🤖 AI Summary
Existing autonomous drones typically rely on external positioning systems (e.g., GPS, motion capture) or structured environments, limiting high-performance racing and real-world deployment in uninstrumented, complex outdoor settings. This paper introduces an end-to-end vision-based autonomous navigation framework integrating high-accuracy visual-inertial SLAM, deep reinforcement learning, and real-time trajectory planning—enabling robust, high-speed flight in GPS-denied, motion-capture-free, ground-truth-free野外 environments. To our knowledge, this is the first demonstration of autonomous drone racing performance under fully uninstrumented conditions, achieving speed and trajectory accuracy comparable to professional human pilots. We publicly release the first professional-grade real-world drone racing dataset, featuring synchronized multimodal data from both expert human pilots and autonomous systems.

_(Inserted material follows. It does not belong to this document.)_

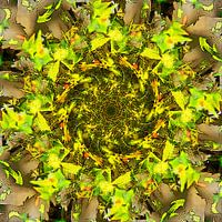 Een draaikolk van gele, groene en lichtbruine vormen, gebaseerd op een foto van de bladeren en vruchten van een plataan in de lenteregen.

This dataset establishes a reproducible benchmark and technical foundation for vision-based autonomy in practical applications such as agriculture, logistics, and security.
📝 Abstract
Drone technology is proliferating in many industries, including agriculture, logistics, defense, infrastructure, and environmental monitoring. Vision-based autonomy is one of its key enablers, particularly for real-world applications. This is essential for operating in novel, unstructured environments where traditional navigation methods may be unavailable. Autonomous drone racing has become the de facto benchmark for such systems. State-of-the-art research has shown that autonomous systems can surpass human-level performance in racing arenas. However, direct applicability to commercial and field operations is still limited as current systems are often trained and evaluated in highly controlled environments. In our contribution, the system's capabilities are analyzed within a controlled environment -- where external tracking is available for ground-truth comparison -- but also demonstrated in a challenging, uninstrumented environment -- where ground-truth measurements were never available. We show that our approach can match the performance of professional human pilots in both scenarios. We also publicly release the data from the flights carried out by our approach and a world-class human pilot.